- DATA SUPPLIED
::::

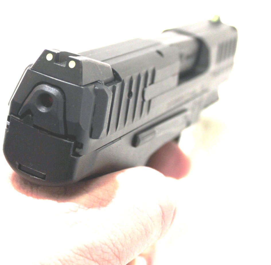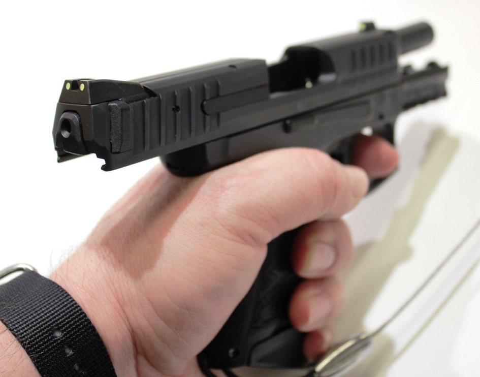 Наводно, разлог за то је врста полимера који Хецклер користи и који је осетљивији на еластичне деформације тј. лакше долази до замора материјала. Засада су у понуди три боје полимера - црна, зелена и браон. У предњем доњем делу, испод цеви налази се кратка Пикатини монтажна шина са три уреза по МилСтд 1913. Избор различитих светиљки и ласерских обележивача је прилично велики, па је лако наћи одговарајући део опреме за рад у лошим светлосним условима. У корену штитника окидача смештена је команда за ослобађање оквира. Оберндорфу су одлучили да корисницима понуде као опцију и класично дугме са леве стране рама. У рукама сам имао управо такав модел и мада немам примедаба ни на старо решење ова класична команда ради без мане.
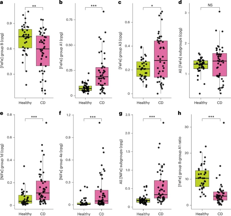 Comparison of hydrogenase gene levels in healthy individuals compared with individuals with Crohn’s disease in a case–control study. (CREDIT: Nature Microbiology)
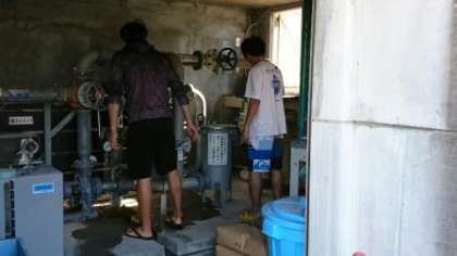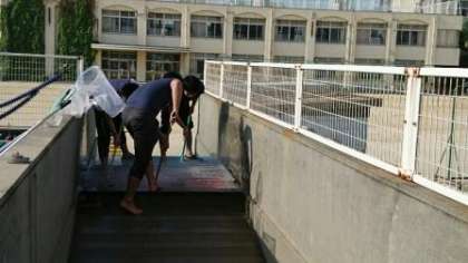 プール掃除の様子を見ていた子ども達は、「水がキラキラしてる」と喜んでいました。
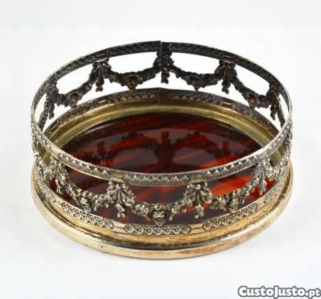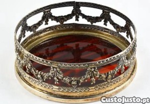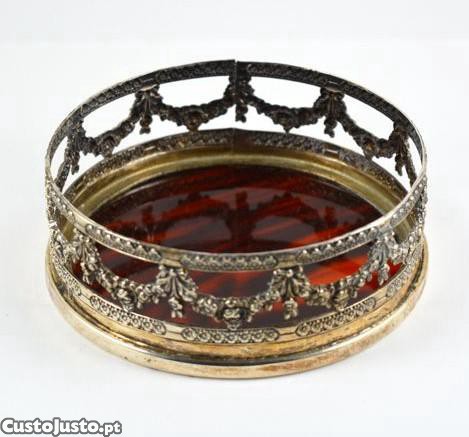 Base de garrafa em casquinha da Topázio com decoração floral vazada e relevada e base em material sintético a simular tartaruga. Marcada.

::::

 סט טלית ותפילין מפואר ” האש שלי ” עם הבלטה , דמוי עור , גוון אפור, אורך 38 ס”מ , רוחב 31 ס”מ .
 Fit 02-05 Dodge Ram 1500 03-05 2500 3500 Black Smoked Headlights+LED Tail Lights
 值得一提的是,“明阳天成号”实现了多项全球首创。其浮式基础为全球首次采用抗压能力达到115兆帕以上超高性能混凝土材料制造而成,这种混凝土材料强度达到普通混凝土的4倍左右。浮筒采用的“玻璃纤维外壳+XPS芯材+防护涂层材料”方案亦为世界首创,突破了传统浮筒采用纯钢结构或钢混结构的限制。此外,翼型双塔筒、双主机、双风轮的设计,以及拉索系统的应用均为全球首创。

::::

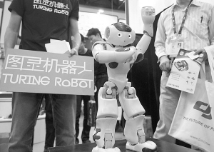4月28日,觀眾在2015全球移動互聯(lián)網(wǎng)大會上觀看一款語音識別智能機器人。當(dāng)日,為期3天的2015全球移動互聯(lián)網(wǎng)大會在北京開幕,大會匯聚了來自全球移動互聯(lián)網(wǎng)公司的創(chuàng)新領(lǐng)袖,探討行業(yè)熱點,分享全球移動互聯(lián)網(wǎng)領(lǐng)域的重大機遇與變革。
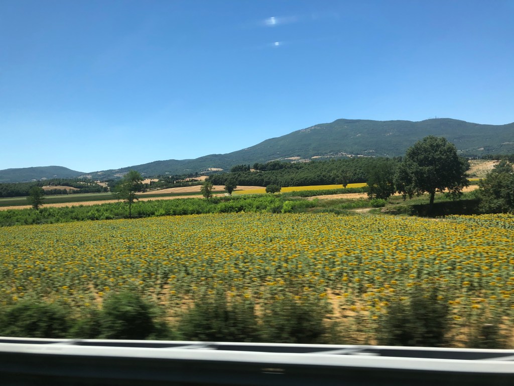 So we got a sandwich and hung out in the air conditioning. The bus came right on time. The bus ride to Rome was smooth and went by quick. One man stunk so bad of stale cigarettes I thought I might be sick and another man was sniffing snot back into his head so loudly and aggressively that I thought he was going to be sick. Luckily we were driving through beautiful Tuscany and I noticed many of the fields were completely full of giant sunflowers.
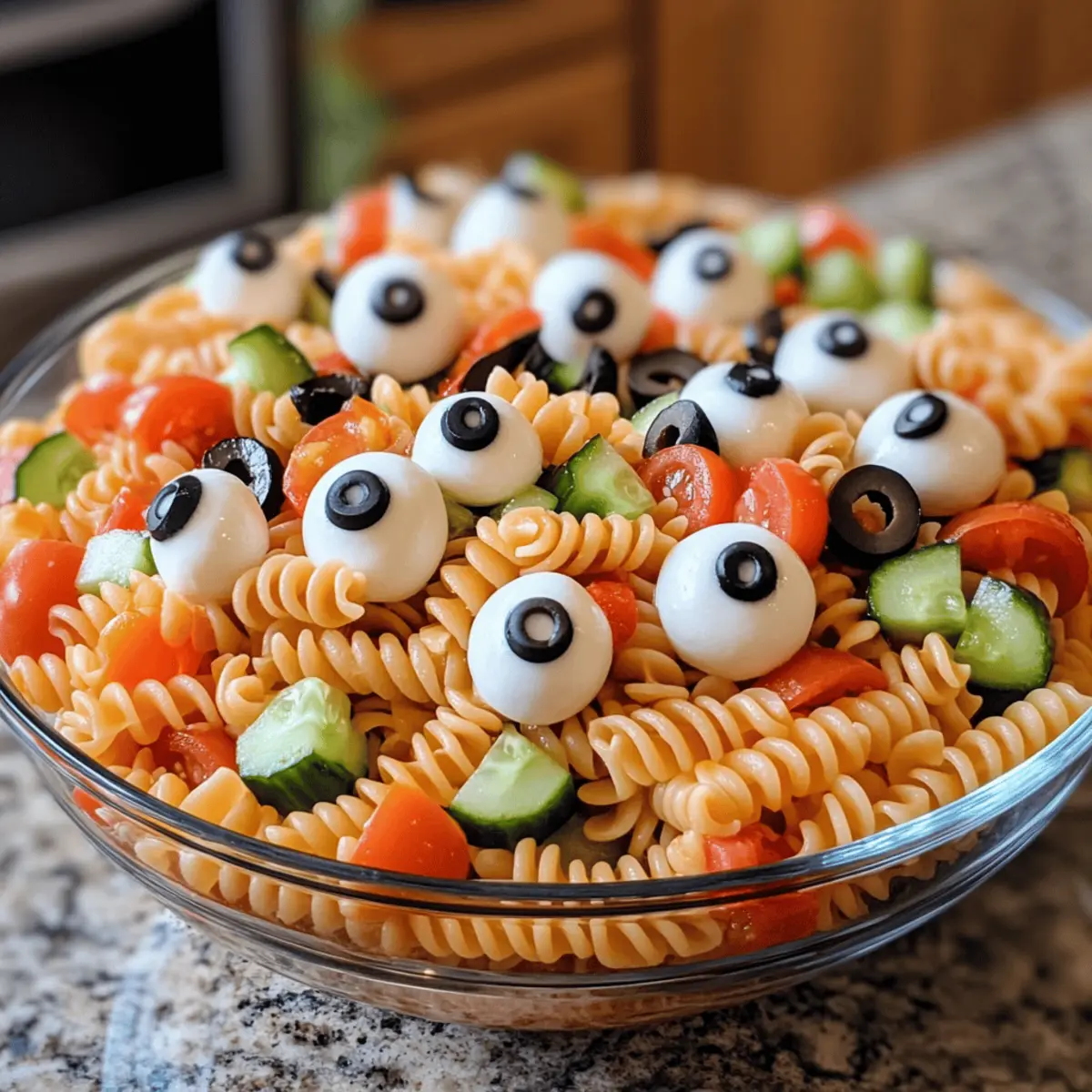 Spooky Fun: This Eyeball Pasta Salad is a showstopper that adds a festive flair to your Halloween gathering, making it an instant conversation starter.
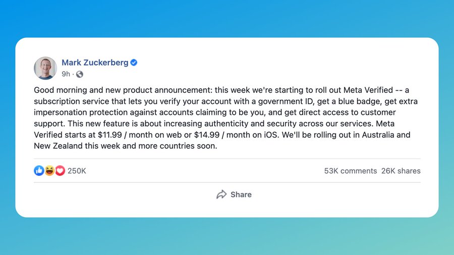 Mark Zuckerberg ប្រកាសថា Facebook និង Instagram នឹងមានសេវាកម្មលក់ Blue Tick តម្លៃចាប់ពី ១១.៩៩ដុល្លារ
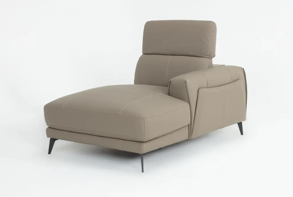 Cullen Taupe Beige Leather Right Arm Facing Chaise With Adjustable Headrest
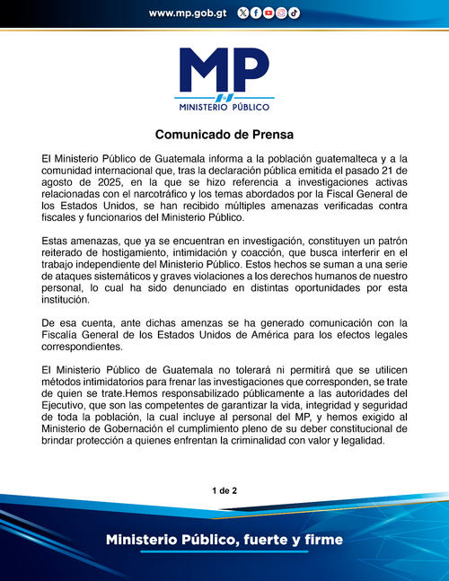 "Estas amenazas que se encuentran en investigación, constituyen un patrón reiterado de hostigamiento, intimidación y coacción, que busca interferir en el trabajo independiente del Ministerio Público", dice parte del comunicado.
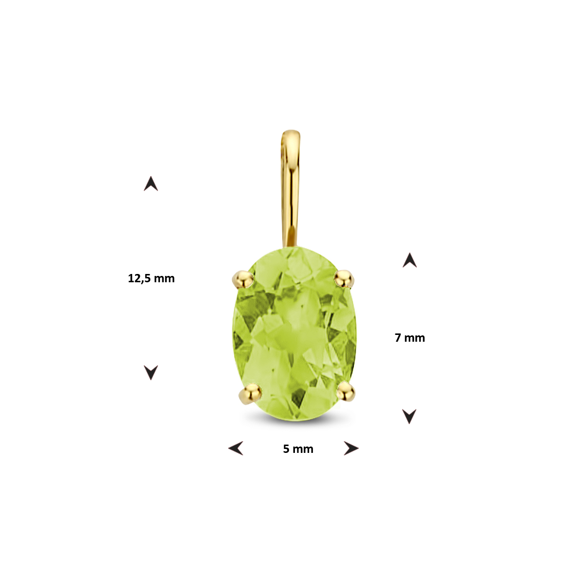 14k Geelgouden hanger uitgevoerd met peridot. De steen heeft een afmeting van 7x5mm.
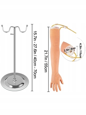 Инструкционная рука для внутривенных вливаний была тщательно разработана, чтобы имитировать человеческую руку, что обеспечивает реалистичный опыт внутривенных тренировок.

::::

- TASK REQUIREMENTS
Leaving out all pictures, set down exactly the lines of the material above, from the line with "Наводно, разлог за" to the line with "プール掃除の様子を見ていた子ども達は、「水がキラキラしてる」と喜んでいました。" inclusive, and no others.

- WRITTEN ANSWER
 Наводно, разлог за то је врста полимера који Хецклер користи и који је осетљивији на еластичне деформације тј. лакше долази до замора материјала. Засада су у понуди три боје полимера - црна, зелена и браон. У предњем доњем делу, испод цеви налази се кратка Пикатини монтажна шина са три уреза по МилСтд 1913. Избор различитих светиљки и ласерских обележивача је прилично велики, па је лако наћи одговарајући део опреме за рад у лошим светлосним условима. У корену штитника окидача смештена је команда за ослобађање оквира. Оберндорфу су одлучили да корисницима понуде као опцију и класично дугме са леве стране рама. У рукама сам имао управо такав модел и мада немам примедаба ни на старо решење ова класична команда ради без мане.
 Comparison of hydrogenase gene levels in healthy individuals compared with individuals with Crohn’s disease in a case–control study. (CREDIT: Nature Microbiology)
 プール掃除の様子を見ていた子ども達は、「水がキラキラしてる」と喜んでいました。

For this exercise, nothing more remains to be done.